Data to process
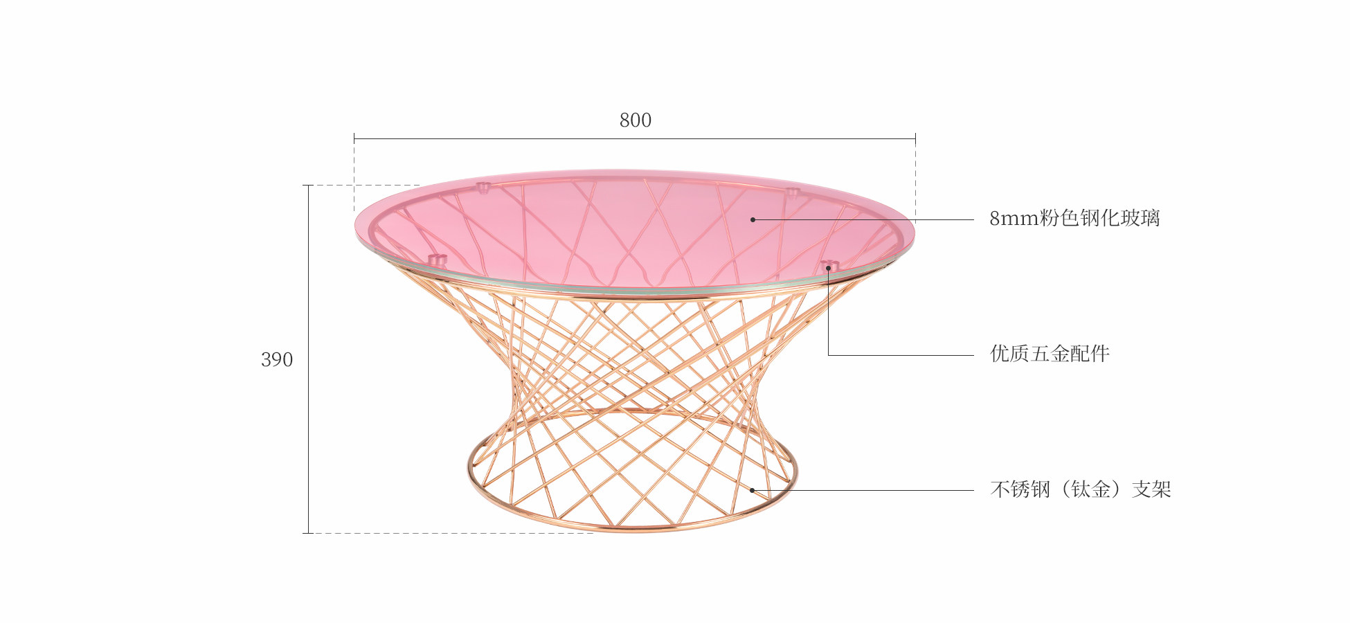 达铂悠茶几|角几|粉色钢化玻璃+不秀钢
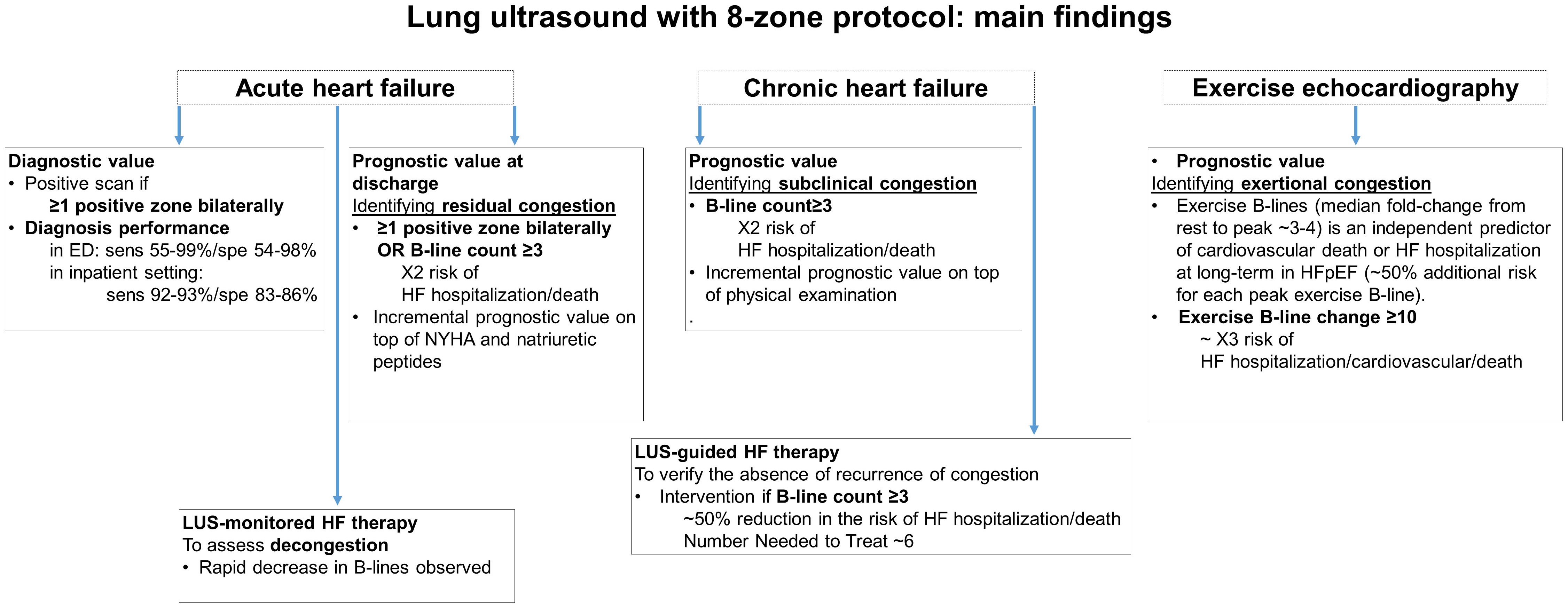 LUS represents a reliable and useful tool for the assessment of pulmonary congestion and risk stratification of HF patients throughout the entire patient journey (i.e., ED/acute settings, in-hospital management, discharge from an acute HF hospitalisation, and monitoring in the outpatient setting), with considerable diagnostic and prognostic implications. The 8-zone protocol appears to offer the best trade-off with no sizeable loss of information.
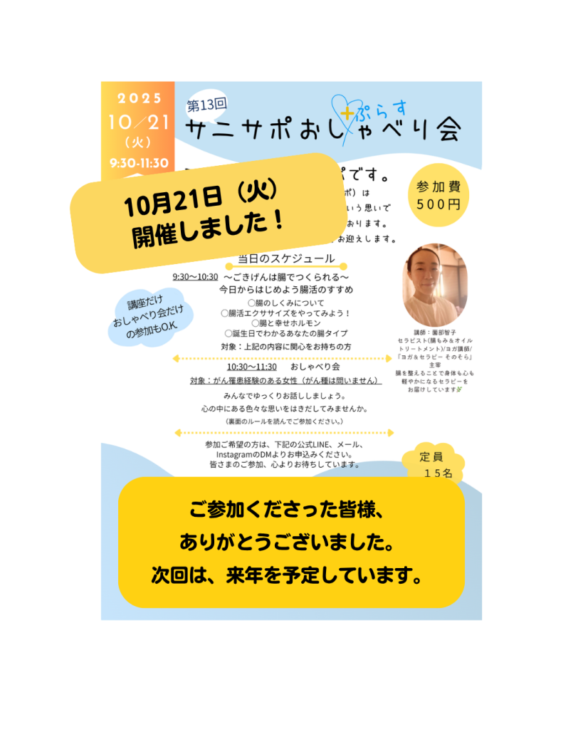 10月21日(火)に「第13回サニサポおしゃべり会+ぷらす」を開催しました。今回のテーマは「ごきげんは腸でつくられる〜今日からはじめよう腸活のすすめ〜」。講師にはセラピストの薗部智子さんをお迎えし、腸と心・体の深い関係についてお話しいただきました。
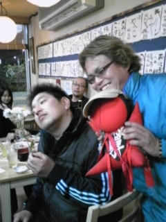 夕べは『T.REXエロ店長ファミリー』とジャックさん、おのやんと行きつけの刈谷の『豊蔵』へ…みんなで食事しながら飲んでると『三河のサディスト』イマタクさんが乱入!!そこからはいつものパターンでドンチャン騒ぎ!『エロ店長』は『三河のサディスト』に眉毛にワカメを乗せられておりました…今日ワタクシが二日酔いだったのは言うまでもありません…。
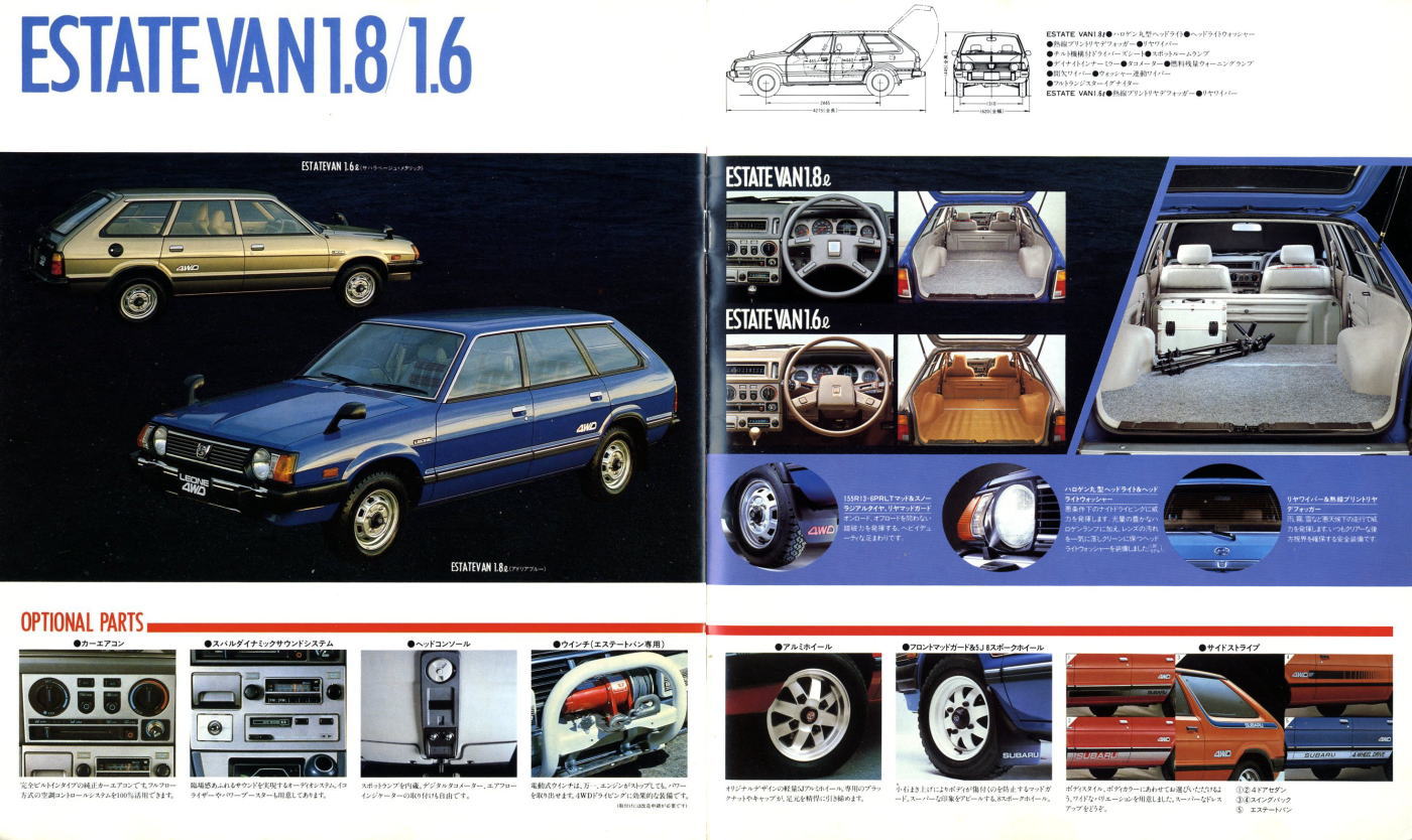 さて、私にとっての“スバル”とはこの型のレオーネです。このカタログを見ていると、現在のレガシィ、インプレッサ、フォレスター、エクシーガが全て集約されているかと錯覚してしまうほど“スバル”が詰まっていますね。サファリラリーの走行シーンは現在のインプレッサWRXそのものですし、エステートバンはレガシィツーリングワゴンやアウトバック、フォレスター等が自然と連想されるような姿をしていますね。それにオプションパーツとして紹介されているエステートバン専用のウインチを見ると、初代エステートバンの開発経緯がもともと東北電力から四輪駆動のバンを造って欲しいという要請があったから、というエピソードが思い出されますね。SUV色を強めた現行フォレスターにはこの電動式ウインチ、よく似合いそうです。
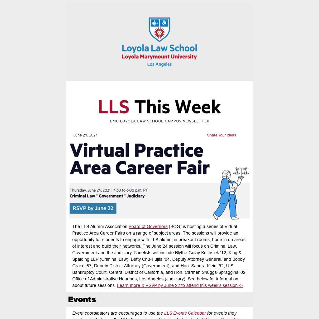The LLS Alumni Association Board of Governors (BOG) is hosting a series of Virtual Practice Area Career Fairs on a range of subject areas. The sessions will provide an opportunity for students to engage with LLS alumni in breakout rooms, hone in on areas of interest and build their networks. The June 24 session will focus on Criminal Law, Government and the Judiciary. Panelists will include Blythe Golay Kochsiek '12, King & Spalding LLP (Criminal Law); Betty Chu-Fujita '04, Deputy Attorney General, and Bobby Grace '87, Deputy District Attorney (Government); and Hon. Sandra Klein '92, U.S. Bankruptcy Court, Central District of California, and Hon. Carmen Snuggs-Spraggins '02, Office of Administrative Hearings, Los Angeles (Judiciary). See below for information about future sessions. Learn more & RSVP by June 22 to attend this week's session>>
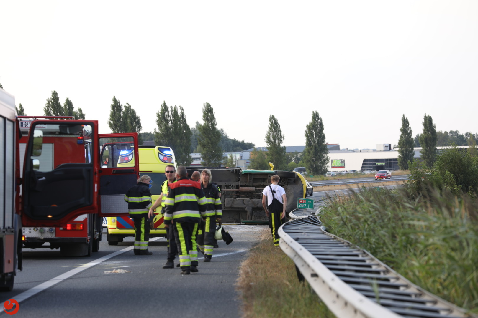 LEMMER – Op de A6 bij Lemmer is donderdag aan het begin van de avond opnieuw een voertuig op zijn kant terecht gekomen.
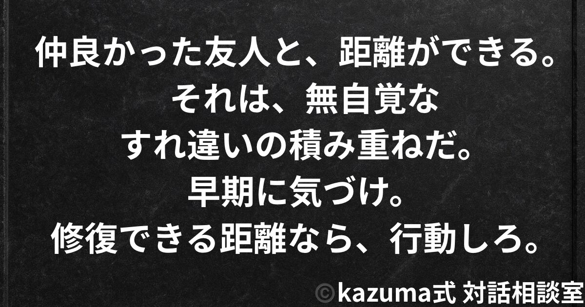仲良かった友人と距離ができるのは、生活環境の変化・価値観のズレ・優先順位の変化・コミュニケーション不足・無自覚な違和感の放置が原因。多くの場合、一つの出来事ではなく小さなすれ違いの積み重ねが関係を壊す。

What the task asks
Return the lines exactly as they stand, from the start of the entries through the line holding "10月21日(火)に「第13"; omit the pictures.

Answer to the exercise
 达铂悠茶几|角几|粉色钢化玻璃+不秀钢
 LUS represents a reliable and useful tool for the assessment of pulmonary congestion and risk stratification of HF patients throughout the entire patient journey (i.e., ED/acute settings, in-hospital management, discharge from an acute HF hospitalisation, and monitoring in the outpatient setting), with considerable diagnostic and prognostic implications. The 8-zone protocol appears to offer the best trade-off with no sizeable loss of information.
 10月21日(火)に「第13回サニサポおしゃべり会+ぷらす」を開催しました。今回のテーマは「ごきげんは腸でつくられる〜今日からはじめよう腸活のすすめ〜」。講師にはセラピストの薗部智子さんをお迎えし、腸と心・体の深い関係についてお話しいただきました。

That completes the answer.